If you don't have the auditing enabled now, you are probably not going to catch 
the change. Hmm - I'm not even sure you can audit the local security accounts 
database - I suspect not.

The other alternative would be to look at logon/logoff events. Some account 
must have been logged on (interactively, via RDP, across the network, or as a 
service/batch job) in order to make the change.

Cheers
Ken

From: Clubber Lang [mailto:[EMAIL PROTECTED]
Sent: Wednesday, 29 October 2008 1:14 PM
To: NT System Admin Issues
Subject: Re: Unknown account created and added to local admins group

 By looking at the security log in the event viewer of the workstation.

So if I haven't set up object access auditing already, it's too late to gather 
any more data for this event. Is that about right?
On Tue, Oct 28, 2008 at 6:02 PM, Ken Schaefer <[EMAIL PROTECTED]<mailto:[EMAIL 
PROTECTED]>> wrote:

How are you finding out this information at the moment?

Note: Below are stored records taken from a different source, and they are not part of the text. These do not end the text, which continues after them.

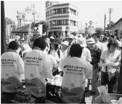
受け付け後は自分のペースで自由散策
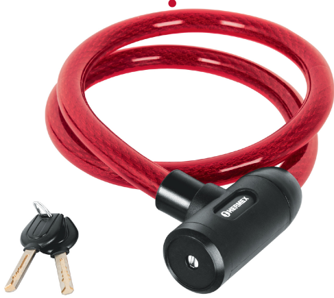
Cable de acero trenzado
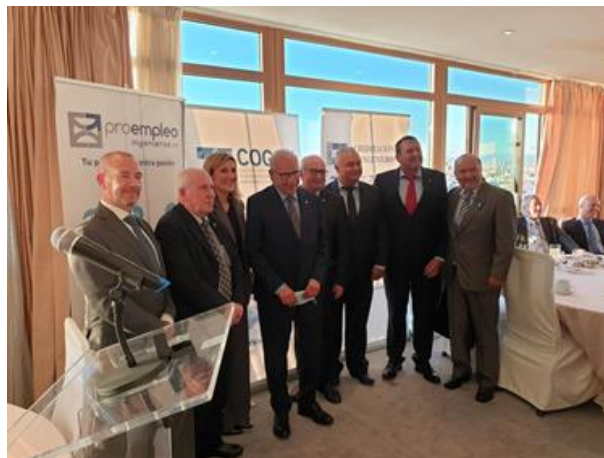
Entrega de Insignia de Oro y Brillantes a D. Alfonso Guerra
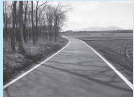
整備された農道（野間地区）

松くい虫による松の被害防止と被害拡大を防止するため、薬剤の樹幹注入や伐倒処理を行います。
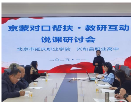
图—35 京蒙说课研讨会
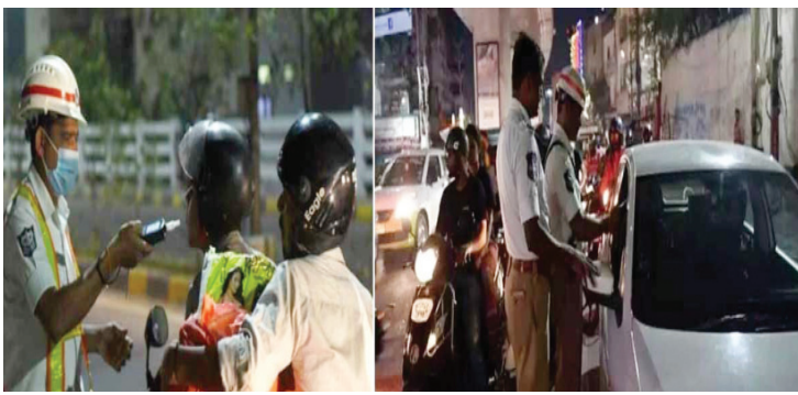
ఎక్కువ టైకర్ల ఉన్నారు. టూవీలర్ నడుపుతూ డ్రంక్ అండ్ డ్రైవ్ చెకింగ్ లో మొత్తం 1346 మంది దొరికారు. వీరందరికీ గోషామహల్, బేగంపేట టీటీల వద్ద కొన్సెలింగ్ కూడా ఇచ్చారు ట్రాఫిక్ పోలీసులు. మళ్లొక్క సారి పట్టుబడితే డ్రైవింగ్ లైసెన్సులు శాశ్వతంగా రద్దు చేస్తామని హెచ్చరించారు.

హైదరాబాద్ పెన్ పవర్: హైదరాబాద్ ట్రాఫిక్ పోలీసులు షాకింగ్ న్యూస్ చెప్పారు. రోజురోజుకు తాగి బండ్లు నడిపే వారి సంఖ్య పెరుగుతోందని అంటున్నారు. కేవలం పదిరోజులు నిర్వహించిన చివరి డ్రంక్ అండ్ డ్రైవ్ తనిఖీల్లో ఏకంగా 16 వందల మందిపై కేసులు నమోదు చేసినట్లు వెల్లడించారు. జూలై 1నుంచి జూలై 10 వరకు హైదరాబాద్ నగర వ్యాప్తంగా నిర్వహించిన డ్రంక్ అండ్ డ్రైవ్ తనిఖీల్లో తాగి వాహనాలు నడుపుతున్న 1,614 మందిపై కేసులు నమోదు చేశారు. డ్రంక్ అండ్ డ్రైవ్ కేసుల్లో వివిధ కోర్టుల్లో మొత్తం 992 ఛార్జ్ షీట్లు దాఖలు చేశారంటే.. నగరంవాసులు ఎంతలా తాగి ఊగుతూ బండ్లు నడుపుతున్నారో అర్థమవుతోంది. అంతేకాదు.. వీరిలో 55 మందికి 15 రోజుల జైలు శిక్ష పడింది. 8మంది డ్రైవింగ్ లైసెన్సులు రద్దు చేశారు. మొత్తంగా తాగి బండ్లు నడిపిన మందుబాబుల నుంచి 21లక్షల 36వేల రూపాయల జరిమానాకూడా వసూలు చేశారు. డ్రంక్ అండ్ డ్రైవ్ తనిఖీల్లో పట్టుబడిన వారంతా
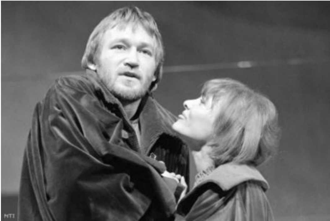
3. ábra: Cserhalmi György és Töröcsik Mari (Benkő 1978)

Cserhalmi György 1975-ben visszatért a Csokonai Nemzeti Színházba, ahol további két évadot töltött (Huszár 2018), majd 1977-1979 között a Nemzeti Színházban játszott (3. ábra) és a színészi munkák mellett a Magyar Filmgyártó Vállalat színészeként tevékenykedett (Huszár 2018), egészen 1983-ig, amikor az akkor megújuló és önálló színházként debütáló Katona József Színház alapítótagjai közé hívta Székely Gábor és Zsámbéki Gábor (sz.n. 2023), a teátrum csapatát 1989-ig erősítette Cserhalmi, majd Székely Gábor távozásakor újra a Nemzeti Színházban formálta szerepeit, mindeközben Balikó Tamással megalapította a Labdatér Teátrumot, melynek a Globe kulturális centrum adott otthont (sz.n. 2018a). Cserhalmi fél évet tartózkodott Amerikában, majd 1994-ben Székely Gábor az Arany János Színházból létrehozott Új Színházba hívta alapítótagnak (sz.n. 2018a). Cserhalmi György 1999-től a Radnóti Miklós színházban alkotott 4 éven át (Huszár 2018). 2013-ban a székesfehérvári Vörösmarty Színházba szerződött Cserhalmi György, ahol az ott töltött 5 évben a színészi munkákon túl, rendezéssel is foglalkozott. (Huszár 2018) 2017-ben Móricz Zsigmond: Úri Muri című darabjában láthatta volna a Nemzeti Színház közönsége Cserhalmit, azonban egészségügyi állapota ezt nem tette lehetővé, a darabot nélküle kellett bemutatni (sz.n. 2017).
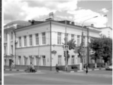
5 Земская управа
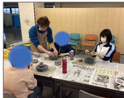
陶芸家の先生を招いて、陶芸体験をすることもあります。

As best I can tell, you 
can use object access auditing to get this information - but if you have that 
on already...



Cheers

Ken



From: Clubber Lang [mailto:[EMAIL PROTECTED]<mailto:[EMAIL PROTECTED]>]
Sent: Wednesday, 29 October 2008 10:14 AM
To: NT System Admin Issues
Subject: Unknown account created and added to local admins group



An account has been created and added to the local Administrators group on an 
XP workstation that's a member of a domain. The name of the account is a long 
string of random small and capital letters like this:  wiwr7eyieUEIRU4EYSRI

I see in the Security log when the account was added, then a password added, 
then added to the local Adminsitrators group, and it all occurred within 1 
minute. But is there a way to tell if another local or domain account was used 
to do the adding, and if so which one?